The one-sentence summary

The future of business is letting go – trust your people, be open, collaborate with other companies, act fast, and don’t be too precious about your brand.

WHAT THE BOOK SAYS LOOSE

  • This book contends that the future of business is letting go. In a wide-ranging review of politics and businesses, it explains why ‘tight doesn’t work’, mainly because of the rise of social media as a place for unfettered conversations.
  • Complexity is the new reality, so he proposes freedom within a framework.
  • Cultural agoraphobia is our fear of chaos and love of order, but it doesn’t really work.
  • Companies with autocratic management can do extraordinarily bad things such as at Lehman, where the collapse was described as ‘a colossal failure of common sense.’
  • Successful loose organisations:

1.     Trust their people – which creates a strong internal culture.

2.    Operate openly and transparently.

3.    Live life in beta, being operationally agile in real time.

4.    Regard collaboration with other companies as critical.
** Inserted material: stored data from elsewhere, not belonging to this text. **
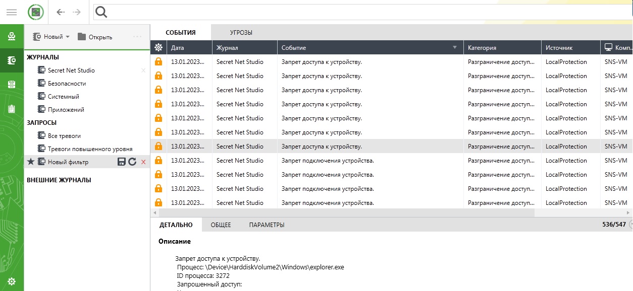События НСД это критичные события безопасности – помимо журналов они попадают в отдельную вкладку, и собираются не по расписанию, а моментально приходят как сигнал тревоги офицерам безопасности, отслеживаются и фильтруются на всех вышестоящих серверах безопасности в реальном времени. Работать с событиями НСД могут сразу несколько администраторов системы Secret Net. Для информирования об обработке события реализован механизм квитирования НСД — Можно отмечать их как рассмотренные или требующие дополнительного разбирательства, добавлять комментарии и т. д.
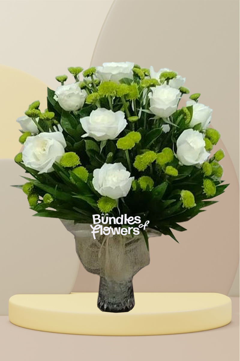 A sophisticated floral composition featuring ten pristine white roses complemented by twelve verdant button chrysanthemums, artfully arranged in a vase. This refined combination balances classic elegance with natural texture, creating a timeless display suitable for any occasion or interior setting.
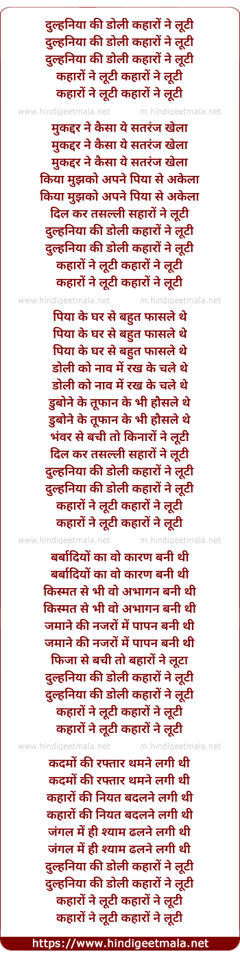 Poetic Translation - Lyrics of Dulhaniya Ki Doli - दुल्हनिया की डोली

5.     Are not control freaks about brand management and development.

WHAT’S GOOD ABOUT IT

  • It only takes people 18 months in a company to work out the best way to manipulate targets, so what you count is not necessarily what counts.
  • Companies overly obsessed with what people say about them online, may be suffering from ‘listening gone mad’ – a blend of corporate paranoia and sympathy.
  • The Sun Chronicle in Massachusetts has started charging people to place comments on their website to provide a quality filter.
  • Abductive logic – the logic of what could be – is a great skill of designers, and a crucial component of loose thinking.
  • MBA stands for Master of Business Administration, and these people have much to answer for with their jargon and systems, which are perfectly suited to tight organisations.
  • No battle plan ever survives contact with the enemy – businesses need more pragmatic and flexible business plans. Things move so fast that there’s no point in having a three- or five-year plan.

WHAT YOU HAVE TO WATCH

  • After a perfectly pleasant read, the author refuses to suggest any particular action or remedies lest he be accused of being over simplistic or disingenuous. This leaves the reader hanging – even the final chapter Making loose work doesn’t really conclude anything particular that can be applied.